## [REQUIREMENT]
Reproduce the listing exactly. Omit pictures.

## [RAW DATA]
..........
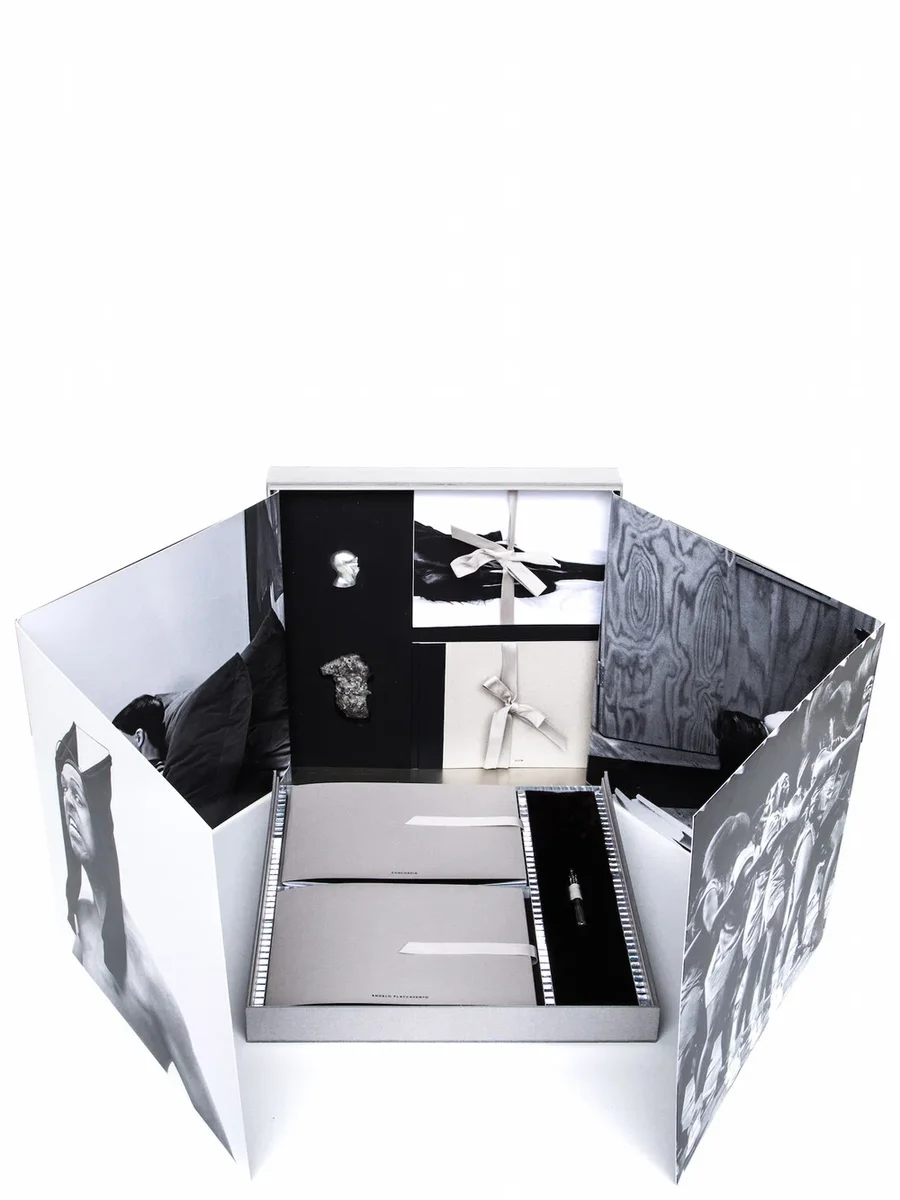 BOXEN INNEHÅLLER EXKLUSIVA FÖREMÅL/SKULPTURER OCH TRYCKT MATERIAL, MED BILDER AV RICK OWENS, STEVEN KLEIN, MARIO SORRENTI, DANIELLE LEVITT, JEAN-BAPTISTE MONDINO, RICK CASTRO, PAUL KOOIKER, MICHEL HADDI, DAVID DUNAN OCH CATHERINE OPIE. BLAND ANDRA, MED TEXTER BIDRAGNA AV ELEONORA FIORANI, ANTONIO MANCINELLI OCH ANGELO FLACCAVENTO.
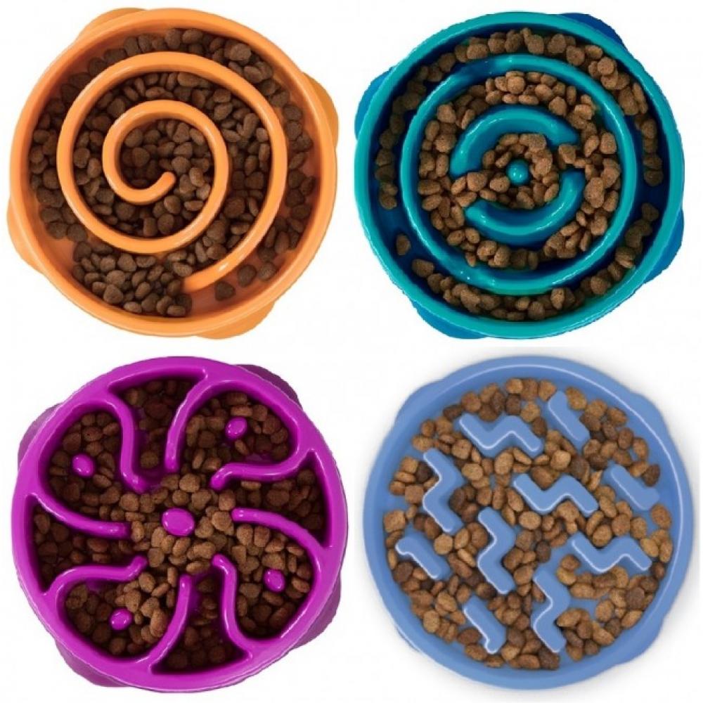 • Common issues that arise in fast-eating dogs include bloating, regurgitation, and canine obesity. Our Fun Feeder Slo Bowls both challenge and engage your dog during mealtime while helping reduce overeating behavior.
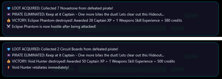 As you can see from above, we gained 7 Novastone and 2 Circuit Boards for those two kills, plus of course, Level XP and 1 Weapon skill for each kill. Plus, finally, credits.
..........
## [EXERCISE ANSWER]
 BOXEN INNEHÅLLER EXKLUSIVA FÖREMÅL/SKULPTURER OCH TRYCKT MATERIAL, MED BILDER AV RICK OWENS, STEVEN KLEIN, MARIO SORRENTI, DANIELLE LEVITT, JEAN-BAPTISTE MONDINO, RICK CASTRO, PAUL KOOIKER, MICHEL HADDI, DAVID DUNAN OCH CATHERINE OPIE. BLAND ANDRA, MED TEXTER BIDRAGNA AV ELEONORA FIORANI, ANTONIO MANCINELLI OCH ANGELO FLACCAVENTO.
 • Common issues that arise in fast-eating dogs include bloating, regurgitation, and canine obesity. Our Fun Feeder Slo Bowls both challenge and engage your dog during mealtime while helping reduce overeating behavior.
 As you can see from above, we gained 7 Novastone and 2 Circuit Boards for those two kills, plus of course, Level XP and 1 Weapon skill for each kill. Plus, finally, credits.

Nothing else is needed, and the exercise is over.